By the end of this, I had PHP code that could convert unformatted WebVTT files into single-tier TextGrids. I plan to open-source the code, but I can’t decide on a few things: (1) what to call it, (2) where to put it (SourceForge or GitHub), and (3) whether to separate the two out into different projects. (Naturally, the WebVTT parser and the TextGrid generator are in separate modules, but there remains some assumption-based dependencies between them.)

Pairing the WAVE file and the TextGrid revealed some areas for improvement of both Praat and Universal Subtitles. As is inherent in the whole idea of subtitles, dead spaces in the audio (parts without speech) do not get subtitled; thus, the subsequently-generated TextGrid does not fully specify the sections of the tier. Praat doesn’t really like that, as a regular TextGrid specifies even the empty portions of the tier, having positive data from start to finish. Loading a TextGrid that has pieces missing does not make Praat happy, but it still works. (You can practically see the grimace on its face as it sucks it up and makes do.) On the flipside, when matching audio and subtitles up in Praat, you can see how imprecise crowd-sourced subtitling can be. Though it might seem OK when using the web interface to subtitle a video as it plays, when you see the text lined up next to the waveform, it becomes clear that things could be better aligned. (It wouldn’t be that big of a deal, but there doesn’t seem to be any “advanced” interface on Universal Subtitles.
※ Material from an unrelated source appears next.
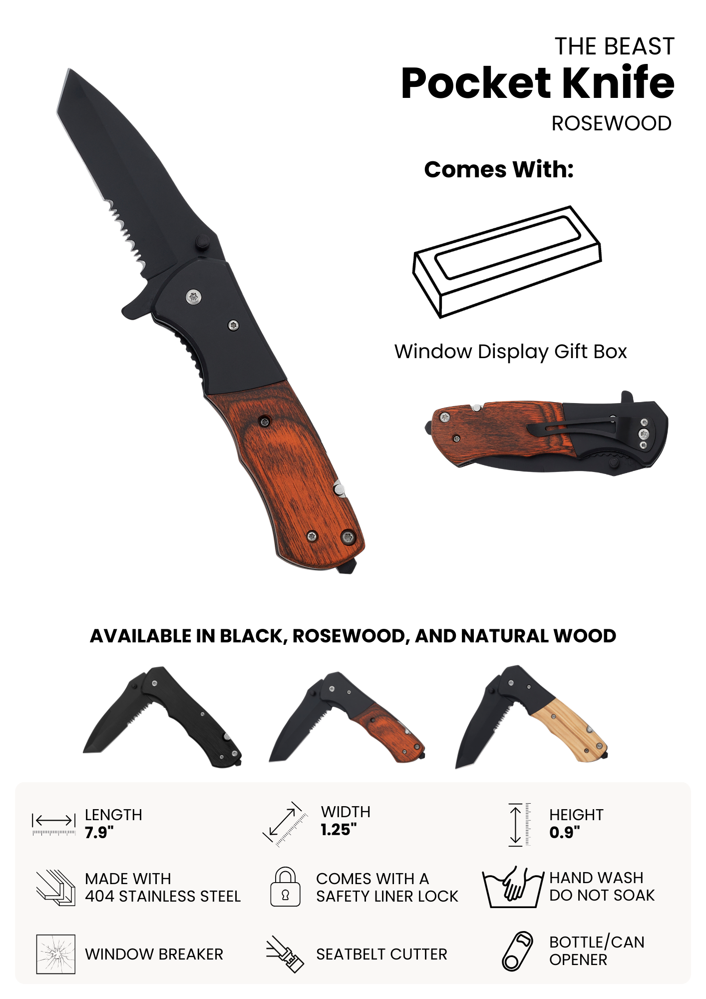 Rugged. Reliable. Personal. The “Beast” Pocket Knife is the ultimate everyday carry tool—now available with custom laser engraving for a personal touch. Whether you're commemorating a special occasion or promoting your brand, this multifunctional knife delivers performance and style.

There’s not even a place to upload an existing subtitle format, so that you can make corrections locally and upload the new file back to Universal Subtitles.)
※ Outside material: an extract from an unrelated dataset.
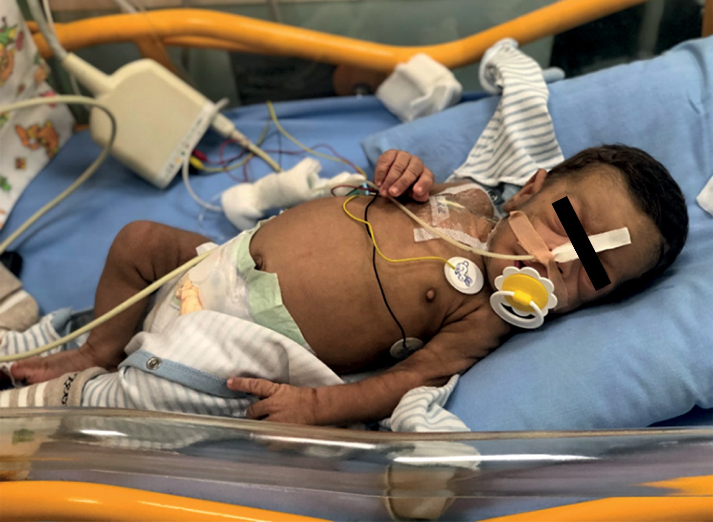 В возрасте 2 мес масса тела 2,93 кг (SDS -5,12), рост 48 см (SDS роста -5,08), при осмотре обращали на себя внимание типичные стигмы дисэмбриогенеза: микрогнатия, гипертрофия сосков, «лягушачий живот», преобладание мозгового отдела черепа над лицевым, отсутствие подкожно-жировой клетчатки, выраженный тотальный акантоз, гипертрихоз (рис. 1), задержка психомоторного развития, диффузная мышечная гипотония. Также отмечалась одышка до 50–60 дыхательных движений в минуту и тахикардия до 170 в минуту.

Once I had the text and audio lined up, I started extracting formant info from multiple instances of the word “video”. (It appears a total of 11 times in the introductory video, including once in the compound “videomakers” and once in the plural “videos”.) I later found out that about AntConc, and the concept of concordance in general, which helped to identify other words and combinations of words that appear multiple times in the full text of the transcription. (AntConc contains an N-gram viewer, as well.) Long story short, I recorded the formants of the 11 instances of the word “video” and made them available in this Google Docs spreadsheet.

And that’s where the fun started. As you can see in that spreadsheet, I attempted to graph these data points so that I could look at them all together.
Formant Frequencies of "video"
Unfortunately, all of the spreadsheet programs I tried (basically everything besides Excel, because I don’t have that) could not graph the data points on top of each other, so that one could fully see the similarities and differences among the formant frequencies. I thought I was going to have to settle for that, but then Michael Newman reminded me that R Can Do Anything™. So I finally had my task to help me learn R.
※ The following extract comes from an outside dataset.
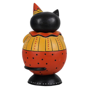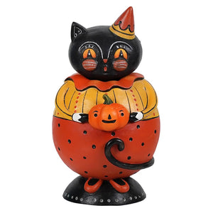 A purrfect addition to to collection of Spook Jars by Johanna Parker, Purscilla is looking plump and pretty in her orange and yellow Halloween party outfit. Her whimsical tail curls around her lower half and her surprised face looks as round as the smiling jack o' lantern she holds. The best part is you can open her up from the middle to hide some Halloween treats inside!

After a great deal of fiddling around and reading the docs, to not much avail, I headed over see if the folks in #R could help. It turns out they were more than willing to demonstrate how awesome R is; I am particularly indebted to mrflick, who answered all of my silly questions, one after another. (And, more importantly, and to my amazement, had an answer for all my questions, proving that R really can do anything.) With some more playing around, I was finally able to issue the right commands in the right order and come up with this:
Formant Frequencies of "video" (all)
To construct that graph, I still had to somewhat fudge the data by adding an artificial “meter” column so that each instance of the word turned out to be the same width on the graph, but at least R didn’t complain that I was Doing It Wrong™. I also excluded the two instances where the word wasn’t plain ol’ “video”, to avoid creating misleading patterns. I haven’t yet figured out how to automatically calculate the average wave/frequency patterns, but at least now the graph allows you to see them visually. (I suspect I would have to format my data differently to give R enough information to do that properly—right now it doesn’t know that the data is from nine separate instances of the word.)

To top things off, the R script that I used to generate the data is available as a gist on GitHub (released under CC-BY-SA), so feel free to remix the data or improve the script. Just be sure to leave me a comment here telling me what you did! Also, any ideas on where to go from here are welcome!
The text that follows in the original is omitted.